I have no problem with any of these details being part of any specific
array class. Whether or not they should be part of the library's
concept requirements is another question (on which I haven't formed
an opinion yet).

> If there is interest, I have written some starting code that I would
> be happy to share which addresses most of these points to some extent
> and provides some other nice properties such as allowing transposition
> of arbitrary indices with no need to reorder the underlying storage
> (that is mat.transpose(0,1) causes all subsequent calls to mat(i,j) to
> provide the transposed element without moving the elements
> themselves).

I'm not sure that's a nice property, since it means that the
traversal order of the matrix is not a compile-time property.

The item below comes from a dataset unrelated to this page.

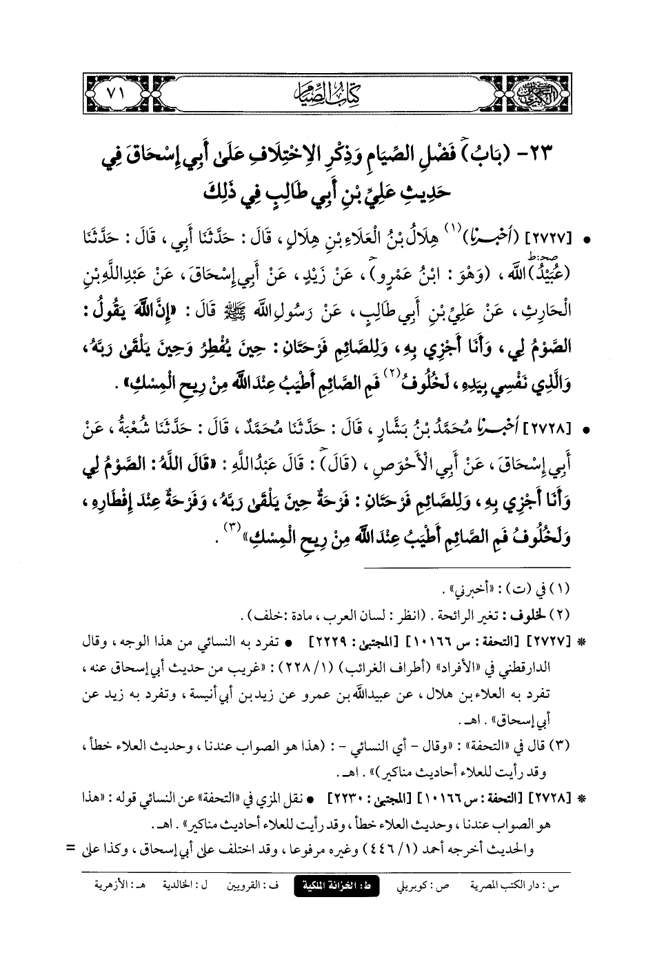2727- أَخبَرنا هِلالُ بنُ العَلاءِ بْنِ هِلالٍ، قَالَ: حَدثنا أَبي، قَالَ: حَدثنا عُبَيدُ اللهِ وَهُوَ ابنُ عَمْرٍو، عَن زَيْدٍ، عَن أَبي إِسحَاقَ، عَن عَبدِ اللهِ بْنِ الحَارِثِ، عَن عَليِّ بْنِ أَبي طَالِبٍ، عَن رَسُولِ اللهِ صَلى الله عَليه وسَلم قَالَ: إِنَّ اللهَ يَقُولُ: الصَّوْمُ لِي وَأَنَا أَجْزِي بِهِ، وَلِلصَّائِمِ فَرْحَتَانِ: حِينَ يُفْطِرُ، وَحِينَ يَلْقَى رَبَّهُ، وَالَّذِي نَفْسِي بِيَدِهِ، لَخُلُوفُ فَمِ الصَّائِمِ أَطْيَبُ عِنْدَ اللهِ مِنْ رِيحِ المِسْكِ.

> I have functioning dense, sparse, and diagonal
> implementations (with a proxy reference type) as well as indirection,
> subrange, and mask slicing. The design is uses a single policy
> template for the underlying implementation :
> Array<T,R,Imp> - T is the value type of elements, R is the rank, and
> Imp contains the functional implementation details.
> I'll see about shaping the code up this weekend and posting it on the
> Yahoo files section if there's interest....

Your matrix implementation might be very nice, but from my point of
view, using any specific implementation as the basis of a new linear
algebra library design is starting from the wrong end of things... so
for me, at least, looking at it in detail would be premature.